The Problem
Your RAG agent answers product questions well on the first turn, but falls apart on follow-ups. When a user asks "Tell me about ProductX" and then follows up with "What about pricing?"—the agent treats the second question in isolation. It doesn't know "pricing" refers to ProductX, so it might return pricing for a different product or give a generic answer. The agent has no conversation memory. Your job is to add conversation history tracking and contextualize follow-up questions so the retriever searches with full conversational context.
Examples
Example 1
Turn 1 — User: Tell me about ProductX. Agent: ProductX is an enterprise CRM platform offering advanced analytics, custom dashboards, and API access.
Turn 2 — User: What about pricing?
Current (bad) output: Returns pricing for both ProductX and ProductY, or gives a generic answer—because the retriever doesn't know the user is still asking about ProductX.
Expected (good) output: ProductX starts at $99/month and offers a 14-day free trial with full feature access.
Example 2
Turn 1 — User: Compare ProductX and ProductY. Agent: (gives comparison)
Turn 2 — User: Which one has a free trial?

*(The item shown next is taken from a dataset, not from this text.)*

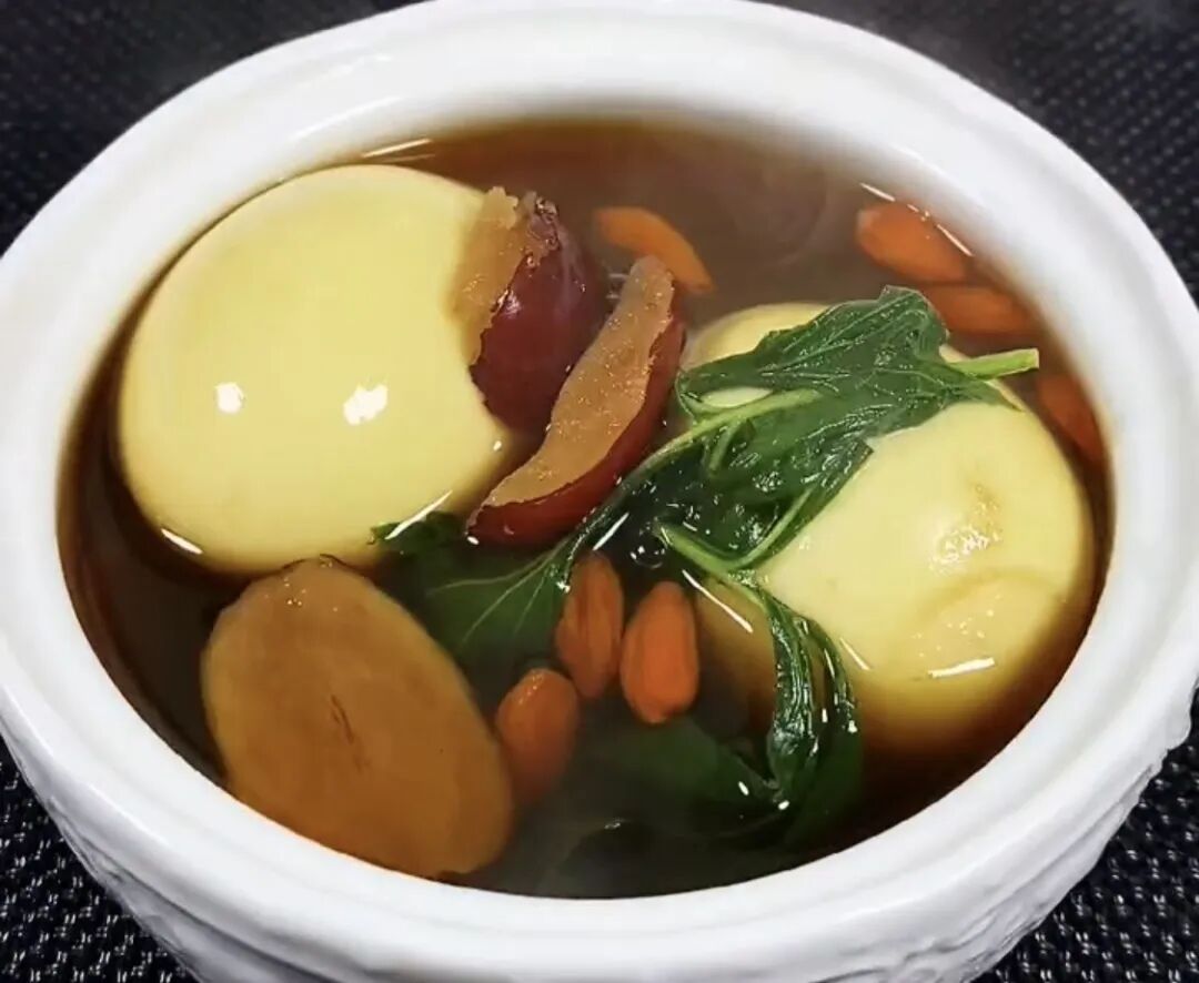 做法: 元胡10g,枣3颗,枸杞10g,益母草30g,鸡蛋2个。

Current (bad) output: Retrieves random documents because "free trial" alone is too vague without conversation context.
Expected (good) output: ProductX has a 14-day free trial with full feature access. There is no mention of a free trial for ProductY in the available documents.
Your Task
Modify the RAG pipeline to support multi-turn conversations:
- Maintain conversation history across multiple turns.
- Before retrieval, reformulate follow-up questions into standalone queries using the conversation context.
- Ensure the retriever receives fully contextualized search queries.
- Return accurate answers that correctly resolve references from prior turns.
Evaluation
Submissions are checked for the following:
- Maintains conversation history: The agent tracks prior turns and uses them to understand follow-up questions.
- Resolves follow-up references: Ambiguous follow-ups like "What about pricing?" are correctly resolved to the right product.
- Retrieves with conversational context: The retriever receives contextualized queries that incorporate prior conversation context.